### Problem
Within the records below is a range that opens at the line with "En conclusión, el" and closes at the line with "Doch nicht nur". Return that range word for word, both ends included, and only that range.

### Supplied data
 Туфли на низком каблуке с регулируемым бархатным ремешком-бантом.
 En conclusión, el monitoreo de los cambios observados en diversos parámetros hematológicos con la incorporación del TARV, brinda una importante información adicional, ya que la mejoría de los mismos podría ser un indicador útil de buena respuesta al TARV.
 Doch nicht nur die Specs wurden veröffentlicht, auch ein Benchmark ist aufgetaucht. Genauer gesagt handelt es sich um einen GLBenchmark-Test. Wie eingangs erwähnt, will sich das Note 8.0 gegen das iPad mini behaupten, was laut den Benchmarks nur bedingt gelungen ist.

---

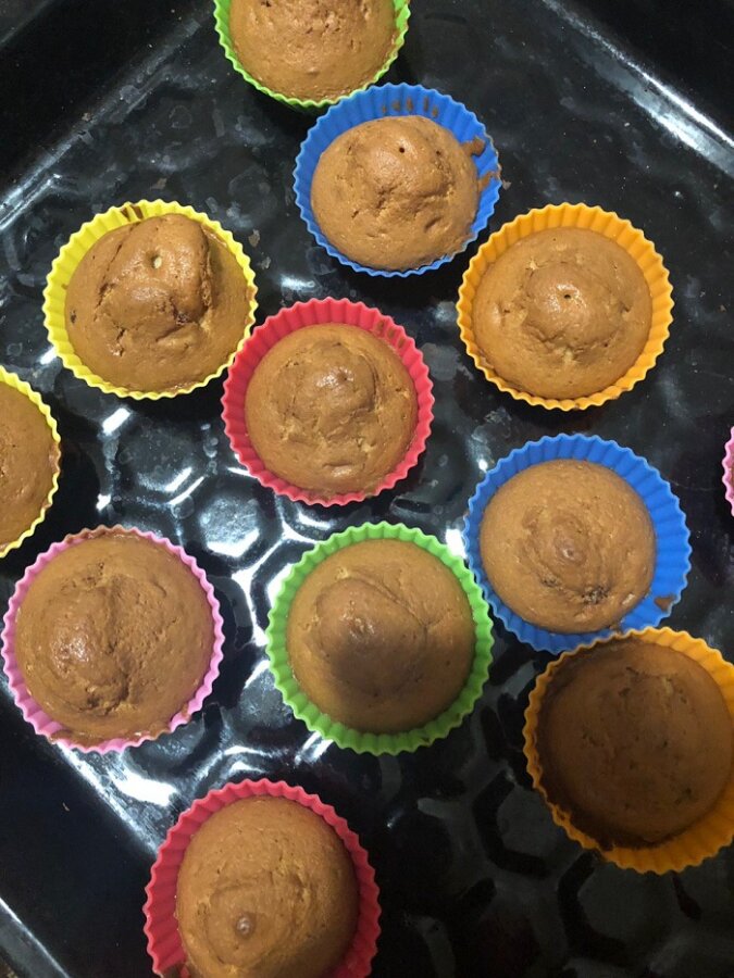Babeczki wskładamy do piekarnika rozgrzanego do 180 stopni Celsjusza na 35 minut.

### Answer to this task
 En conclusión, el monitoreo de los cambios observados en diversos parámetros hematológicos con la incorporación del TARV, brinda una importante información adicional, ya que la mejoría de los mismos podría ser un indicador útil de buena respuesta al TARV.
 Doch nicht nur die Specs wurden veröffentlicht, auch ein Benchmark ist aufgetaucht. Genauer gesagt handelt es sich um einen GLBenchmark-Test. Wie eingangs erwähnt, will sich das Note 8.0 gegen das iPad mini behaupten, was laut den Benchmarks nur bedingt gelungen ist.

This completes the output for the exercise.